Where was it taking me?
But this wasn’t like that current. It wasn’t dragging me out anywhere; it was hardly pulling at all. It felt more as if it were leading me somewhere, directing me, helping me. I wanted to follow it!
I let go of my resistance and let the current do the work. Soon I was zooming through the water, racing against a stripy yellow-and-black fish, whizzing past trails of fern and weed.
And then the current slowed. The sea had turned darker, and colder. The fluttery feeling came back. What was I doing, floating along on a current that had led me this far down? I hadn’t even looked where I was going. How was I ever going to get back and find Shona again?
And where was I, anyway?
I looked around. The current had pulled me to the top of a circle of tall rocks. I couldn’t see the bottom of them, but they were grouped around a dark hole, like an enormous well. I swam to the edge of the well and looked down. It was foaming and rushing with water that poured down like an underwater waterfall.
I could feel the current again. It was lifting me, edging me closer to the top of the well. It seemed to be teasing me, daring me to go down. Should I? Could I?
Before I had time to decide, the current nudged me right to the edge of the well. A moment later, I was hurtling over the top, into the waterfall.
Water rushed at me from every side, turning me over and around, pulling me farther and farther down, dragging me ever closer to the bottom of the sea. I tried to fight against it, tried to swim upward, but it was impossible. The current was dragging me lower and lower, throwing me down faster than anything I’d ever known. It was like a rocket — only heading down, toward the seabed.
Eventually, I gave in and let it pull me. And then, before I knew what was happening, it stopped.
Bedraggled, exhausted, and disheveled, I had landed — in a dark, enclosed, rocky hole at the bottom of the ocean.
I glanced around, my eyes gradually adjusting to the darkness. There were rocks on every side of me. I was at the bottom of the well. The weird thing was, the rushing water had stopped. All I could see was clear water leading all the way up — so clear I could see right to the top. It looked like an awfully long way up.
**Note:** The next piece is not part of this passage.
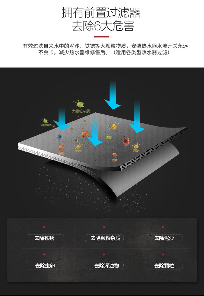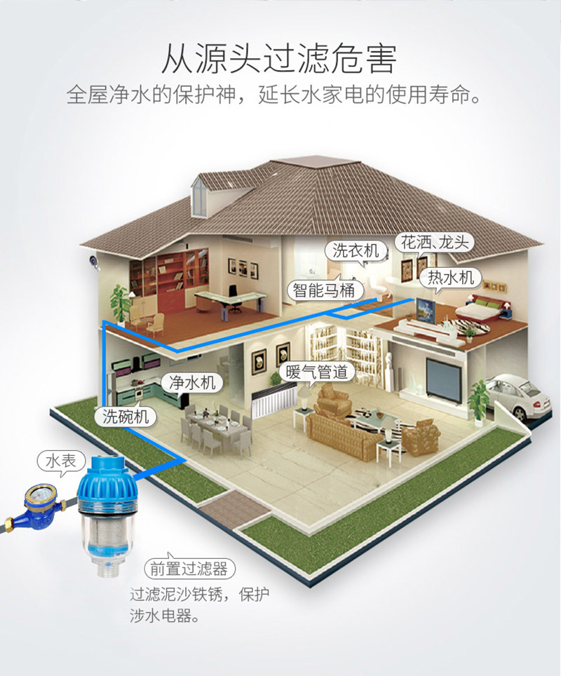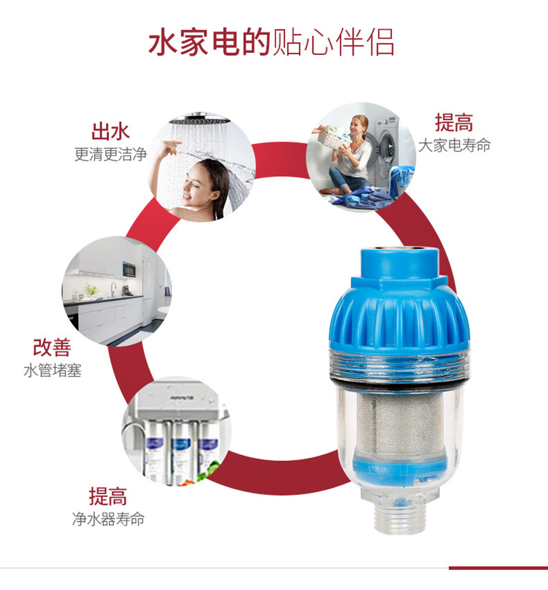 有效過濾自來水中的泥沙、鐵銹等大顆粒物質(zhì),(過濾精度,相當(dāng)于頭發(fā)絲的1/50),

Where had the waterfall gone?
I tried to swim up the well again, but an enormous force stopped me. I kept on landing back in the same spot, shoved back down. The waterfall’s force was still there, but with no rushing water. Impossible — but real. It was like a magic trick.
Then there was a sound of movement from somewhere nearby. I whizzed around to see where it had come from. That was when I noticed that one side of the well had a hole in it, just big enough to swim through. A bunch of seaweed hung down from the top of the hole, like thick cord. I pushed through it and swam out of the well.
I found myself in a larger opening. Above me, the ceiling was smooth brown stone. Below, the sandy floor slipped away, sloping gradually downward. All around me, the walls were lined with stony, jagged pillars and arches and caverns. Trails of multicolored seaweed dangled here and there like Christmas decorations. Behind them, I heard the swishing sound again. In the growing light, I saw a tail flick sharply.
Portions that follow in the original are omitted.